Leave every picture out, and print the full listing again exactly.

SOURCE MATERIAL Start Marker

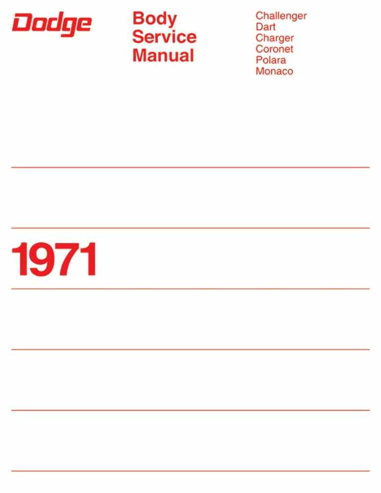 This Body Repair Manual is specifically designed to fit 1971 Dodge Challenger vehicles with a Car body style.
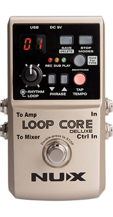 This bundle includes the NU-X Loop Core Deluxe Effects Pedal and the NU-X Dual Foot Switch. With upgraded hardware, the new Loop Core Deluxe allows you to record loop phrases up to 8 hours with unlimited layers in 24-bit high-resolution audio quality into 99 saved memories.
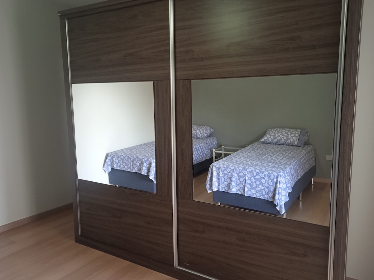 The apartment comfortably accommodates four people, and an extra mattress can be added, consisting of a double bed and a bunk bed. It has a private living room, kitchen, bathroom and laundry area. The apartment is equipped with air-conditioning, a 50-inch Smart TV, refrigerator, microwave, stove, coffee maker, blender and household utensils. The common area consists of the garage. The neighborhood is quiet, as is the city.
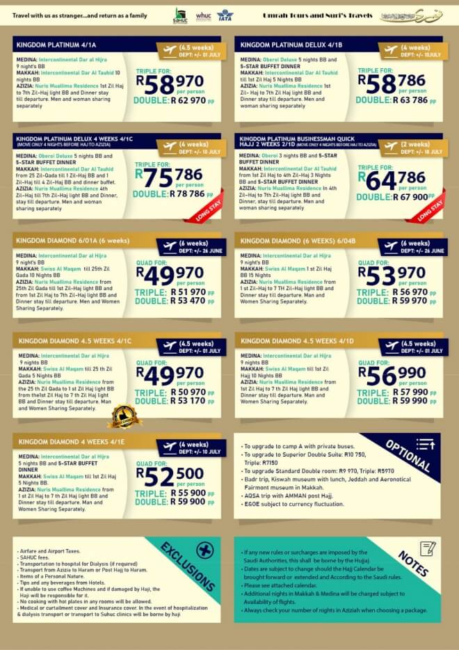 Disclaimer: Kindly check and confirm details with operators before booking. Package Information has been uploaded onto our website as received, and may have changed. Hotel Information has been sourced from websites like Google Maps, Wikimapia and Hotels.com. If any of the information is incorrect, kindly let us know via email: info@hajjumrahinfo.co.za - Shukran

SOURCE MATERIAL End Marker

COMPLETED TASK:
 This Body Repair Manual is specifically designed to fit 1971 Dodge Challenger vehicles with a Car body style.
 This bundle includes the NU-X Loop Core Deluxe Effects Pedal and the NU-X Dual Foot Switch. With upgraded hardware, the new Loop Core Deluxe allows you to record loop phrases up to 8 hours with unlimited layers in 24-bit high-resolution audio quality into 99 saved memories.
 The apartment comfortably accommodates four people, and an extra mattress can be added, consisting of a double bed and a bunk bed. It has a private living room, kitchen, bathroom and laundry area. The apartment is equipped with air-conditioning, a 50-inch Smart TV, refrigerator, microwave, stove, coffee maker, blender and household utensils. The common area consists of the garage. The neighborhood is quiet, as is the city.
 Disclaimer: Kindly check and confirm details with operators before booking. Package Information has been uploaded onto our website as received, and may have changed. Hotel Information has been sourced from websites like Google Maps, Wikimapia and Hotels.com. If any of the information is incorrect, kindly let us know via email: info@hajjumrahinfo.co.za - Shukran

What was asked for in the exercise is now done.